Três ex-agentes da Guarda Civil Metropolitana de São Paulo foram condenados a penas de 11 a 16 anos em regime fechado e à perda da função pública. A sentença, proferida pela 1ª Vara de Crimes Tributários, Organização Criminosa e Lavagem de Bens e Valores da Capital, refere-se à atuação dos ex-servidores no abastecimento do mercado ilegal de armas, munições e bloqueadores de radiofrequência na Cracolândia, centro da cidade. Os crimes ocorreram entre outubro de 2019 e janeiro de 2023, aproveitando-se do cenário de alta vulnerabilidade da região.
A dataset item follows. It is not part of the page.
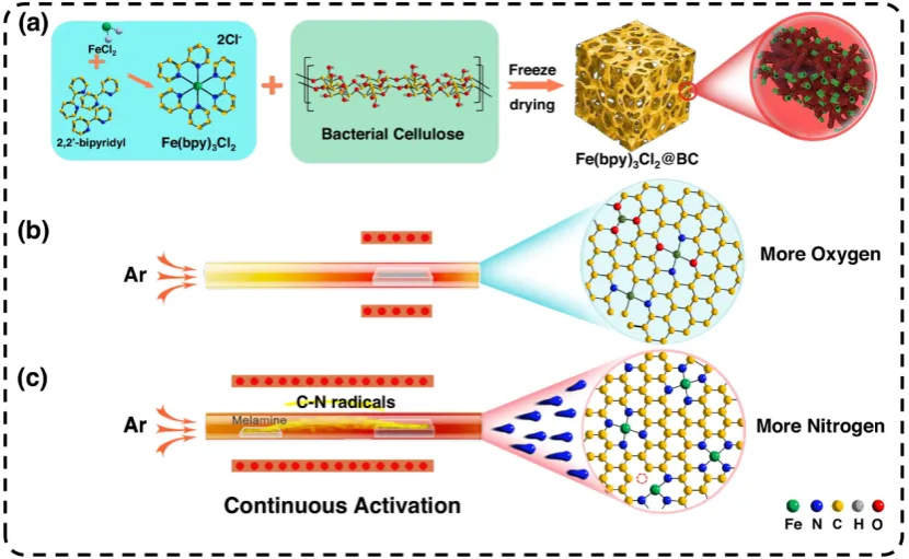 可再生生物质衍生碳材料是一种单原子催化剂(SACs)经济高效的载体。但其中天然丰富的氧阻碍了铁(Fe)等高氧亲和元素的分散,从而降低SACs密度、提高氧化程度,极大限制了单原子催化剂的应用。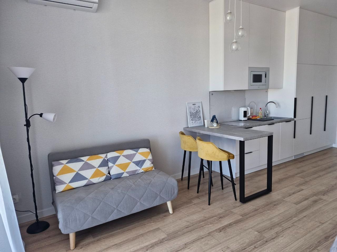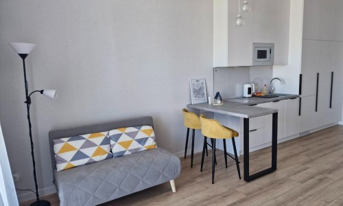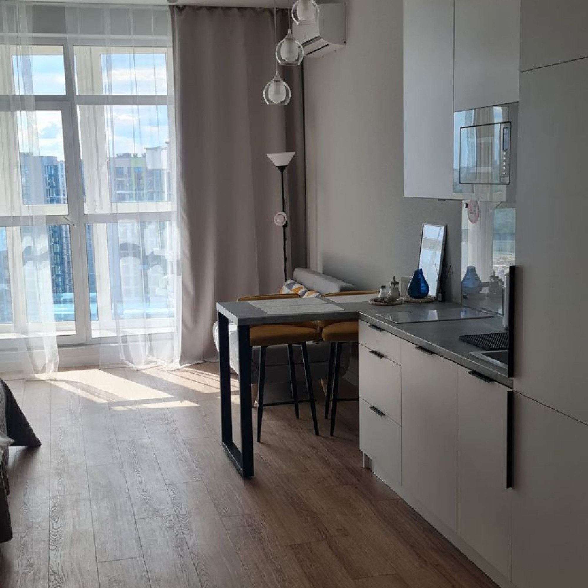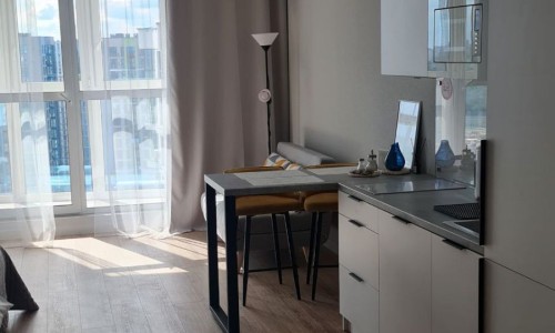 Уютная квартира-студия с прекрасным видом на город. Отличное место для отдыха или командировки. Новый современный ремонт, полностью оборудованная кухня, удобная кровать с ортопедическим матрасом. Рядом с домом кафе, магазины, спортивные площадки, гипермаркет, остановки общественного транспорта. Метро "Аэродромная" (7 минут пешком).

O Grupo de Atuação Especial de Combate ao Crime Organizado (GAECO) do Ministério Público foi o responsável pela denúncia que levou à condenação. As apurações detalharam como os ex-servidores abasteciam o mercado ilegal de armas e munições na área central da capital paulista.
Além disso, a rede criminosa se dedicava à comercialização de bloqueadores de sinais de radiofrequência, equipamentos cruciais para a ocultação de veículos roubados, dificultando seu rastreamento e recuperação.
De acordo com o Ministério Público de São Paulo (MPSP), o esquema operava tirando proveito direto do cenário de degradação social e da alta incidência de atividades ilícitas características daquela parte da cidade, onde a vulnerabilidade era explorada.
A complexidade do ecossistema criminoso
O GAECO, em suas apurações, destacou que o comércio clandestino de armas não era um crime isolado, mas parte de um ecossistema criminoso mais amplo. Este ambiente era caracterizado por atividades como receptação de produtos furtados, tráfico de drogas, exploração de jogos de azar e, lamentavelmente, a corrupção de agentes públicos, conforme explicado em nota pelo órgão.
O cenário da Cracolândia
A Cracolândia, localizada na região central de São Paulo, era historicamente conhecida pela cena de uso aberto de drogas. Além do consumo de entorpecentes, com destaque para o álcool, o local servia como ponto de convergência para redes de tráfico e receptação de produtos de furto.
Embora a Cracolândia tenha sido dispersada há aproximadamente um ano e meio, ainda persistem na região grupos menores, com menos de 15 indivíduos, que continuam a consumir entorpecentes abertamente. Uma parcela significativa dos moradores de rua que frequentavam ou participavam dessas cenas criminosas foi deslocada para outras áreas da cidade, como Raposo Tavares, Cidade Tiradentes, Vila Leopoldina e Jardim Ângela, alterando a dinâmica social e criminal do local.